1945: U.S. Army Private Eddie Slovik is executed by firing squad near Sainte Marie-aux-Mines, France for abandoning his rifle company after admitting he is “too scared” for combat. Gen. Dwight Eisenhower personally signs the execution order to discourage further desertions. To date, Slovik remains the only American shot for desertion since the Civil War.

1950: To regain the upper hand in the nuclear arms race, President Harry S. Truman announces a program that would create a thermonuclear weapon, many times more powerful than the atomic weapon the Soviet Union recently tested.

1971: A Saturn V rocket lifts off from Cape Canaveral, carrying Alan Shepard (USN), Stuart Roosa (USAF), and Edgar Mitchell (USN) on NASA’s third manned mission to reach the lunar surface. The crew of Apollo 14 spend two days on the moon and ten years after becoming the first American in space, Shepard becomes the first person to hit a golf ball on the moon, sending it “miles and miles and miles.” It actually just traveled a short distance.

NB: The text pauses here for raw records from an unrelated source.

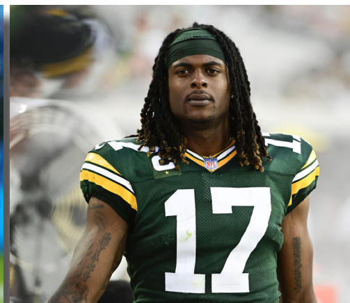
Fresno State WR Davante Adams
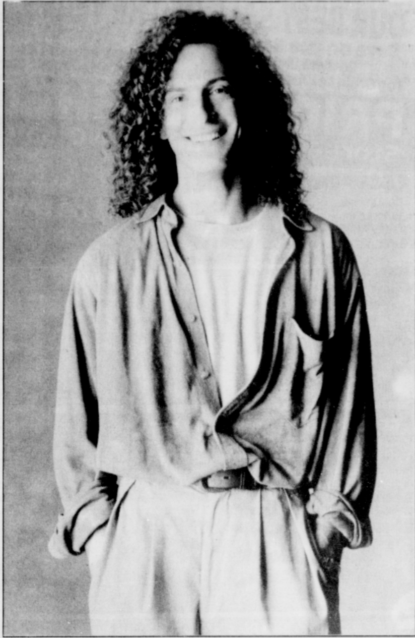
Kenny G, Jazz Musician

Breathless , Kenny's first album in four years, was largely recorded and mixed in his new home studio, Studio G. According to Kenny, the key to his success is the inspiration he gets while playing at home. "I look outside and if it is raining, the song will be something that has to do with rain. When I come here, it is a safe haven for me, it's like an oasis." Breathless , 14-song album, including the debut single "Forever In Love," showcases Kenny's talents on a variety of saxophones in addition to handling keyboard and drum programming. "This album is in my opinion my best work to date and a reflection of the growth and changes that I have made and experienced as a musician and as a human being during the last four years." Other trademark instrumentals on the album include "Joy Of Life," "Alone," "Morning," and "The Wedding Song" which this album, Kenny adds Peabo Bryson ("By The Time This Night Is Over") and Aaron Neville ("Even If My Heart Would Break") to his distinguished list of vocalists he has worked with over the years (Aretha Franklin, Whitney Houston, Smokey Robinson, Natalie Cole, Dionne Warwick,
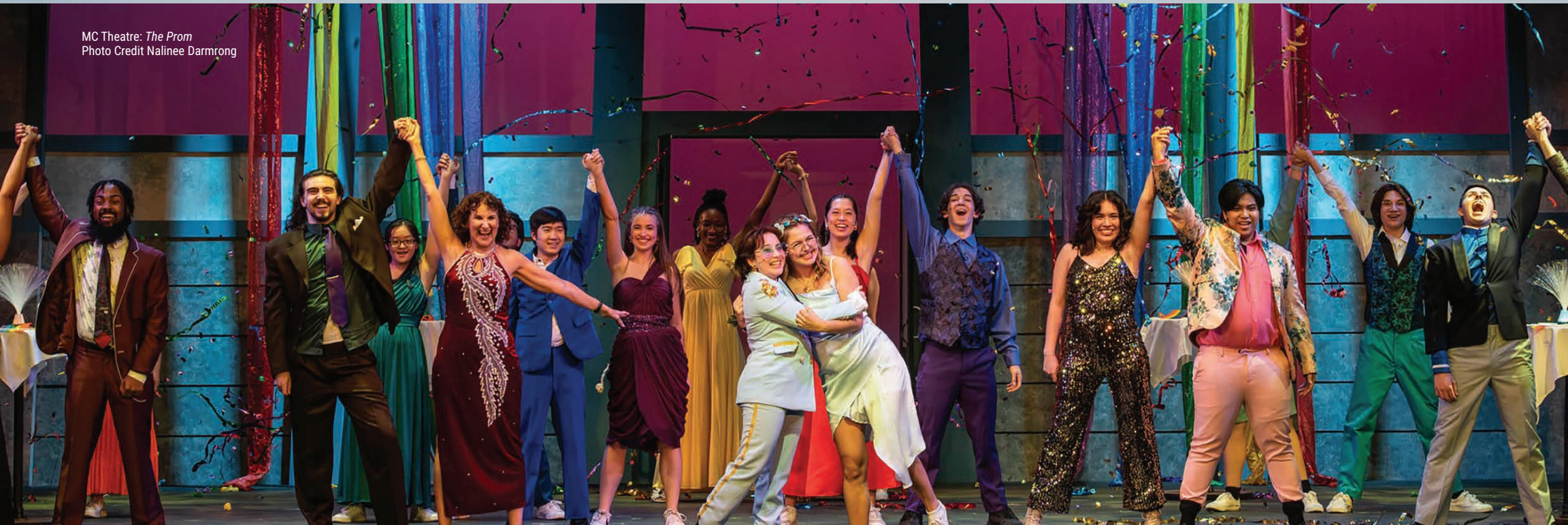
MC Theatre: The Prom

Montgomery College campuses are tobacco free. Events are subject to cancellation due to inclement weather or unexpected College closings. Montgomery College is an academic institution committed to equal opportunity. Produced by the Office of Communications | 02/2025

Apollo 14 blasts off from the Kennedy Space Center’s Launch Complex 39A at 4:03 p.m. (NASA photo)

Shepard was one of the original Mercury 7 astronauts, and at 47, was the oldest of the 12 astronauts to set foot on the moon. After graduating from the U.S. Naval Academy (Class of 1944), Shepard served as a gunnery officer aboard the destroyer USS Cogswell in the Pacific Theater during World War II. He then earned his aviator’s wings and flew F4U Corsairs before becoming a test pilot.

Roosa was a smoke jumper before joining the Air Force, and he served as a test pilot and flew fighters before joining NASA.

Edgar Mitchell flew land-based patrol planes before transitioning to a carrier pilot, flying A3D Skywarriors and later, becoming a research pilot. Staying behind in the command module Kitty Hawk was Stuart Roosa, who worked as a smokejumper before joining the Air Force, parachuting out of airplanes to fight forest fires. He flew F-84 Thunderjets and F-100 Super Sabres before becoming a test pilot.

1991: Specialists Melissa Rathburn-Nealy and David Lockett of the 233rd Transportation Company are hauling a repaired vehicle through the Saudi town of Khafji when their column makes a wrong turn. Finding themselves in the middle of an armor battle between Iraqi and Coalition forces, the vehicles attempt to evade the incoming gunfire, but the vehicle driven by Rathburn-Nealy’s becomes stuck in the sand. Once nearby Marines organize a rescue party, they arrive at the scene to find the vehicle’s wheels still spinning — but the soldiers and weapons had already been taken. A captured Iraqi prisoner later reveals that Rathburn-Nealy and Lockett are whisked away to an Iraqi command center at Basra, possibly being used as human shields by Saddam Hussein to protect his important sites. The soldiers are released in March.